Jaime Nubiola
De sus palabras finales destacaré cómo nos animó a todos los que trabajamos en la Universidad a algo aparentemente tan sencillo como es sonreír siempre, aunque estemos cansados y no nos apetezca
En estos días he tenido ocasión de escuchar a Mons. Fernando Ocáriz, nuevo Gran Canciller de mi Universidad, y he quedado del todo cautivado por su amable sencillez. El viernes por la mañana en el acto académico en homenaje a su predecesor, Mons. Javier Echevarría, hubo hermosos discursos y sentidas palabras. Sin embargo, a mí, más que lo que allí se dijo, me impresionó sobre todo el sencillo ademán de don Fernando pidiendo −al entrar en el salón de actos del Museo− que no se le aplaudiera. El Gran Canciller hacía su entrada por primera vez en un imponente salón de actos abarrotado por 800 profesores y directivos de la Universidad que le recibían con un cerrado aplauso. En aquel gesto el prelado del Opus Dei expresaba con enorme sencillez y naturalidad su personal convicción de que no lo merecía.
Por la tarde, pude asistir a un gratísimo encuentro con los profesores de las Facultades de estudios eclesiásticos con ocasión del 50 aniversario de la Facultad de Teología. De las palabras de Mons. Ocáriz −que hizo en su día el doctorado en aquella Facultad− destacaré las primeras que pronunció tras agradecer la invitación. Recordando a san Josemaría, decía que “la teología se estudia bien cuando la materia de estudio se hace materia de oración”. Urgía a los profesores a que la teología que investigan y enseñan no fuera algo al margen de la vida de cada uno. Si lo que se enseña sale del alma −venía a decir− eso llega a los alumnos. Quizá me impactaron más esas palabras por ser las primeras, pero también porque una y otra vez defiendo eso mismo para los profesores de filosofía: una filosofía desgajada de la vida pierde su sentido, no sería más que un artificio académico que a estas alturas del siglo XXI es un lujo que no podemos permitirnos.
En la mañana del sábado hubo un encuentro de más de tres mil personas del ámbito universitario, amigos y conocidos en el Edificio Polideportivo. Se le veía emocionado a don Fernando ante aquel enorme auditorio. Me llamó la atención que comenzó hablando de la memorable homilía de san Josemaría en el campus de la Universidad de Navarra en octubre de 1967 en la que invitaba a descubrir ese algo divino que está escondido en las circunstancias de la vida ordinaria.

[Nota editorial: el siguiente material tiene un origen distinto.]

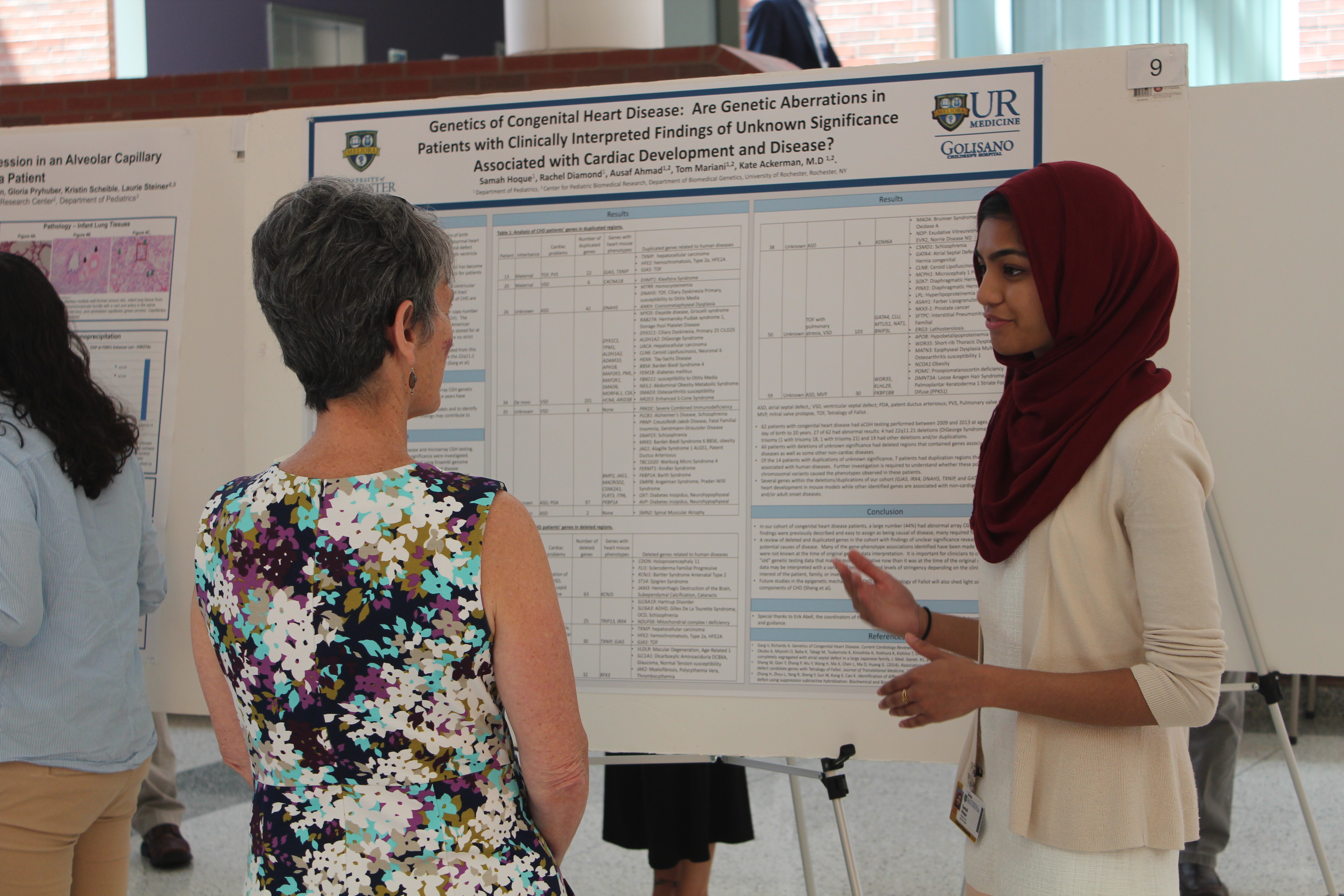 At the end of the summer, students present the results of their research projects at a poster session for the whole Department of Pediatrics at the University of Rochester Medical Center. Many students become co-authors on manuscripts incorporating their research and create lasting relationships with their mentors. We encourage you to explore our website and apply for our program if you are considering a career in academic medicine, pediatrics, or clinical/basic/translational research.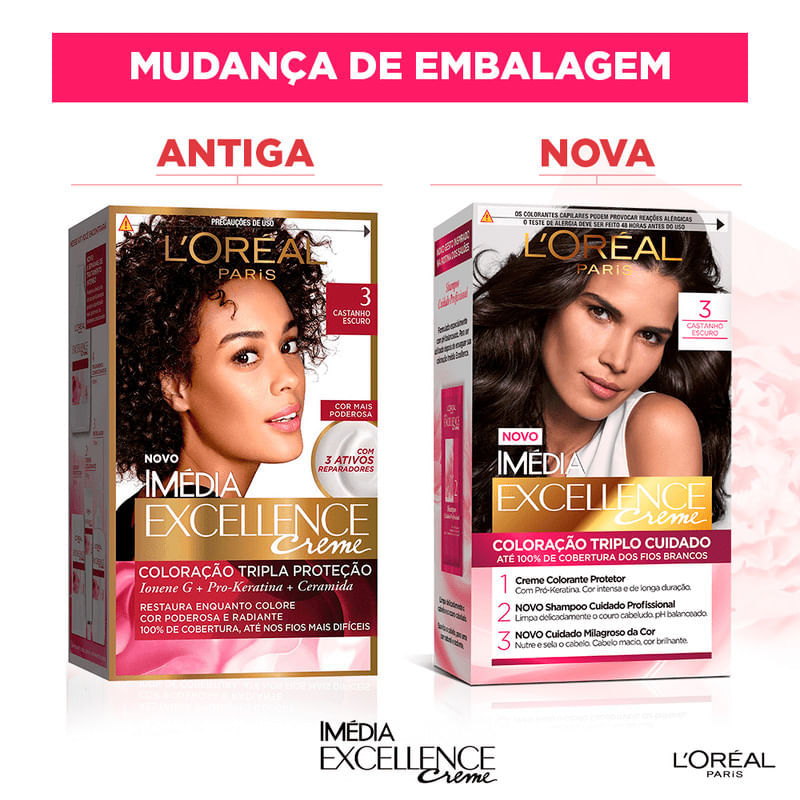 Kit Tintura Imédia Excellence L'Oréal Castanho Escuro 3

Mons. Ocáriz añadió casi incidentalmente que había que encontrar a Dios también en las circunstancias extraordinarias. Mi recuerdo voló de inmediato al testimonio de Celia que hace poco más de un mes había encontrado un nuevo sentido a su vida en un tremendo accidente atropellada por un camión. Gracias a Dios, se está recuperando a buen ritmo y pudo asistir también a esta tertulia y saludar personalmente al prelado del Opus Dei.
El encuentro −que duró casi una hora− se nos pasó a todos volando, con simpáticas intervenciones de unos y de otros, y con respuestas sobrenaturales y sencillas del Gran Canciller. De sus palabras finales destacaré cómo nos animó a todos los que trabajamos en la Universidad a algo aparentemente tan sencillo como es sonreír siempre, aunque estemos cansados y no nos apetezca.
Cuánta sabiduría destilaban todas las palabras de don Fernando, llenas de serenidad y de llaneza. Por el contrario, en nuestra sociedad mediática cuántas veces se impone un glamour del todo artificial, un brillo que de lejos atrae, pero que, en cambio, de cerca más bien repele. La imagen final que me queda de Mons. Ocáriz es la de una persona muy sobrenatural, de mucha fe, lleno de una serena sabiduría y a la vez con una maravillosa sencillez y cercanía.